Around the Atlantic Ocean, a storm of another kind is blowing. A combination of deleveraging and mountains of debt has nearly killed effective demand in Western economies. These troubled countries now look at emerging countries such as India, where consumption has been fuelling growth, as models of stability.
Last week, the United Nations Conference on Trade and Development (Unctad) released its Trade and Development Report for 2011. This report made much of the increase in real wages as a source of growth in many emerging economies as a pillar of strength. In India, for example, real wages grew 8% in 2008 after a 0.6% contraction in 2007. From 2001-2005, real wages grew by a mediocre 2.6%. This has been linked by others as being due, in part at least, to the implementation of the Mahatma Gandhi National Rural Employment Guarantee Scheme (MGNREGS).
Recent data also points to evidence that across states, rural wages have grown in double digits—at a rate significantly more than the Consumer Price Index (CPI) for agricultural labourers. Something similar is playing out in urban areas.
There are two ways to look at these developments. Wearing a “western lens” one can say there is wisdom in spurring real wage growth—something that slowed a long time ago, it is claimed, in western economies. After all, if real wages don’t grow, a major engine of growth—consumption—risks collapse. This is, of course, an argument that has a long tradition among economists—from Keynes to Axel Leijonhufvud. Wear an “Indian lens”, and a different perspective emerges. Real wage growth may have a different source. In a supply constrained economy, wages outpacing price increases indicate a wage-price spiral rather than a signifier of healthy growth.

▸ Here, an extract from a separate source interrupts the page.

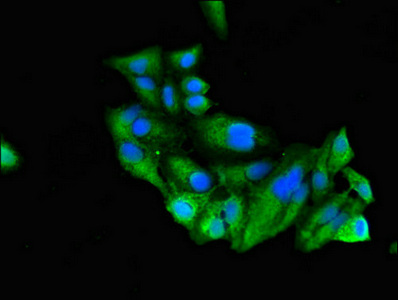 • Immunofluorescent analysis of Hela cells using CSB-PA020595LA01HU at dilution of 1:100 and Alexa Fluor 488-congugated AffiniPure Goat Anti-Rabbit IgG(H+L)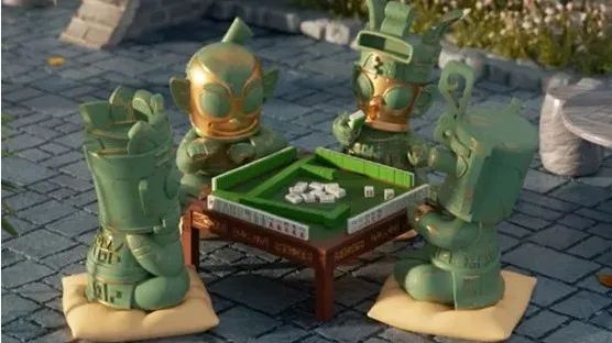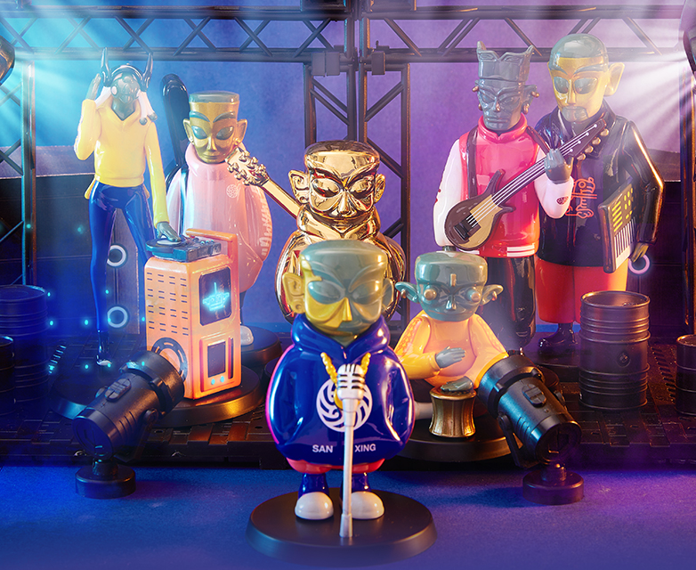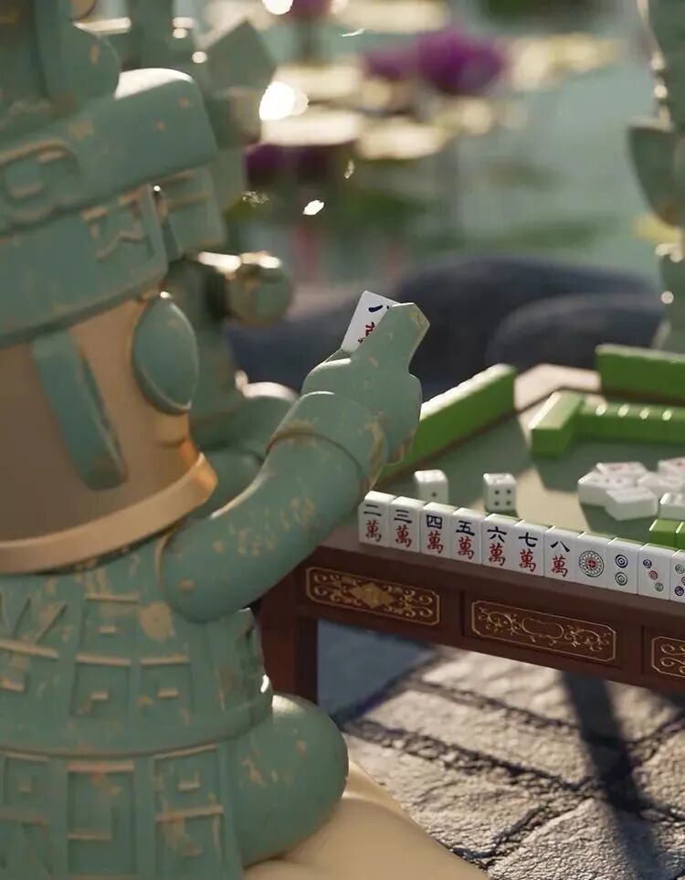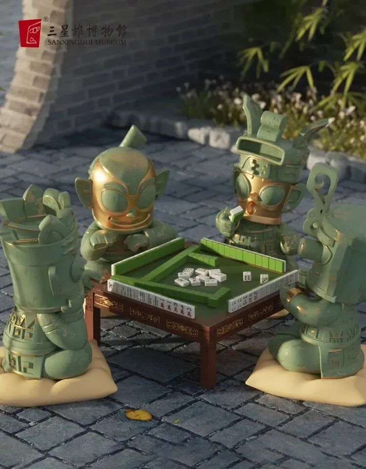 四个青铜小人坐一桌搓麻将,有的正襟危坐,有的托腮思索。这些青铜小人除了打麻将,还会玩蜀绣、功夫茶、变脸等,制造出一种反差萌的设计。每个小堆还拥有不同的表情,这文物手办也太生动了吧。还有跨界营业的三星堆摇滚乐团,还真让人说不好是丑还是潮。

In addition, the effects of distortions in the labour market may also be responsible for mismatches between supply and demand of labour leading to higher wages. Again, these are not signs of growth but more of distortions created by policy interventions.
Were it not for the presence of a very visible inflationary gap in the Indian economy—it is widely held that the potential growth rate is around 8%—one could have even held up programmes such as the MGNREGS as a source of strength. Sans inflation, they could very well be an insurance policy in a world that is on the brink of another recession. That, as was pointed out years ago, is not the case.